Софи.Я не читала ни того ни другого. Это обязательно?
Александр.Э-э»…
Софи.Не спорю: убей Сенека Нерона, человечество от этого только выиграло бы. Но в роли убийцы должен был выступать кто-то другой. Мыслители живут на земле лишь для того, чтобы мыслить, и не стоит требовать от них невозможного.
Александр.Так ты правда считаешь, что какие-то проблемы можно решить только с помощью насилия?
Софи.Да, я действительно так считаю. Но вопрос здесь в том, можно ли оценить эти проблемы объективно – так, чтобы кто-то получил полное право вмешиваться в них с позиций силы. В случае с Нероном данный вопрос кажется мне риторическим.
Александр.А сейчас? Кого из правителей нужно убить сейчас чтобы ситуация изменилась?
Софи.Больной вопрос. Сейчас нет императора, мы имеем дело с многоглавой гидрой, и Робеспьер был последним, кто рискнул покуситься на такое чудовище. Сегодня бороться нужно с системой, а системы меняются только в том случае, если народ то есть его большинство, выражает открытое недовольство ими. Ну или в результате войны, когда одна система проигрывает другой.
Александр.Мне не нравится слово «большинство». По-моему, оно не вяжется с понятием демократии. В «большинстве» мне чудится что-то угрожающее. Я считаю, что часто так называемыми высоконравственными людьми движет исключительно страх и тщеславие, и все, чего они хотят, – это заслужить поменьше упреков и побольше славы.
Софи.Гм…
(В этот момент на кухню заглядывают люди, слышен звон бутылок и возглас: а разве пиво уже кончилось?» Примерно на семь секунд реплики Софи заглушены посторонними шумами.)
Александр.Если человек выступает против чего-то, он обязательно получает что-то взамен. Отдавая, мы ждем компенсации. Человека, который действует, можно назвать предпринимателем. А разве предприниматель – не коммерсант?
Софи.Нет. Это какой-то словесный футбол. Я верю, что всегда были и будут герои, которые жертвуют собой, не думая ни о каком вознаграждении.
Александр.Возможно, но едва ли доказуемо.
Софи.Знаешь, Борис, с тобой так приятно философствовать, однако это, к сожалению, ни на шаг не продвигает меня вперед.
Александр.Но ведь тебе приятно – разве это не шаг вперед?
Софи.Нет. Существует масса возможностей и в наше время жить припеваючи. А если приятно мне одной, это не значит, что и всем остальным – тоже.

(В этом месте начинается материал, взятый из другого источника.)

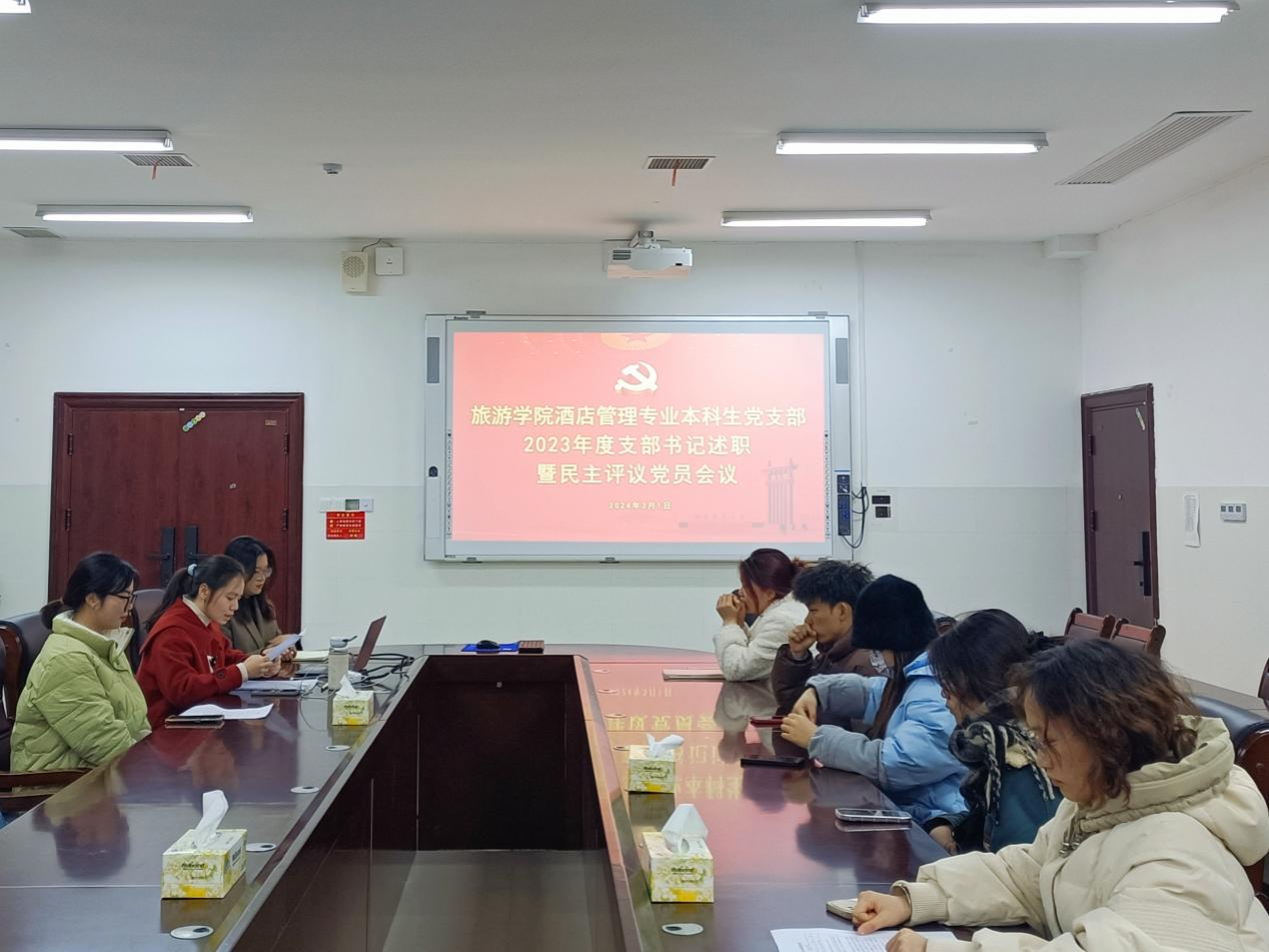 3月1日中午,公司酒店管理专业本科生党支部在中和楼233室召开2023年度支部书记述职和民主评议党员会议。此次会议分线上线下两个会场进行,全体党员参会,支部“第一书记”邱粤湘到会指导,会议由支部书记李蕾主持。
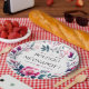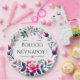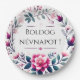 Celebren con estilo estas florecientes placas de papel inspiradas en el arte popular centroeuropeo. Con arreglos circulares de flores rosadas y violetas con hojas verdes, vienen con el texto "Boldog névnapot" —personalizable completo para su ocasión especial.
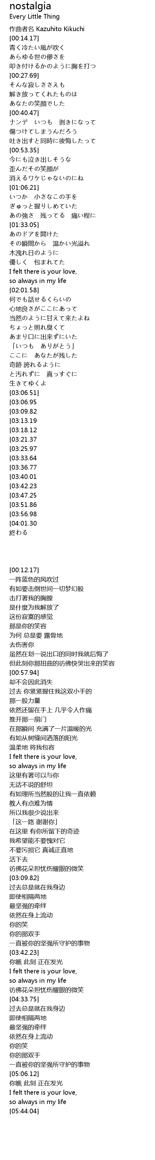 | [00:12.17] | zuò qǔ zhě míng Kazuhito Kikuchi |
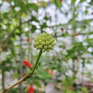 シロバナオオベニゴウカン🤍🌿💚 ①〜⑤ つぼみ〜満開まで同じ鉢から出てました😉👍 すごいったっくさん👏
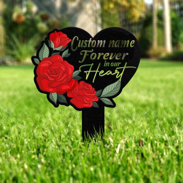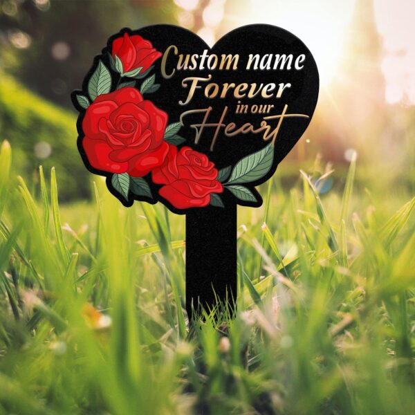 Personalized Memorial Stake Metal, Roses Memorial Stake, Forever in our Heart Memorial, Remembrance Stake, Sympathy Gift, Grave Marker

Александр.Понимаю. Значит, истинное удовлетворение ты испытываешь только тогда, когда вмешиваешься в дела других?
Софи.Что за дичь ты говоришь? Помогать – не значит вмешиваться.
Александр.А почему нет? Одно не противоречит другому. Более того, вмешательство всегда сопутствует помощи.
Софи.Ну уж нет, здесь ты преувеличиваешь. Дискутировать о проблемах человечества и о том, что делать, можно с самых разных позиций, и не стоит смешивать их. Чтобы преодолеть угнетение, помогать людям, необходимо ставить себя на место врача или быть бойцом. Чтобы чего-то достичь, врачам и бойцам достаточно придерживаться простых истин, пользоваться незамысловатой, но законной и эффективной системой ценностей, которая в итоге сводится к прагматическим следствиям.
Александр.Однако не бывает одной-единственной правды.
Софи.Нет, бывает. Она обязательно должна быть, эта элементарная правда, этот наименьший общий знаменатель человечества.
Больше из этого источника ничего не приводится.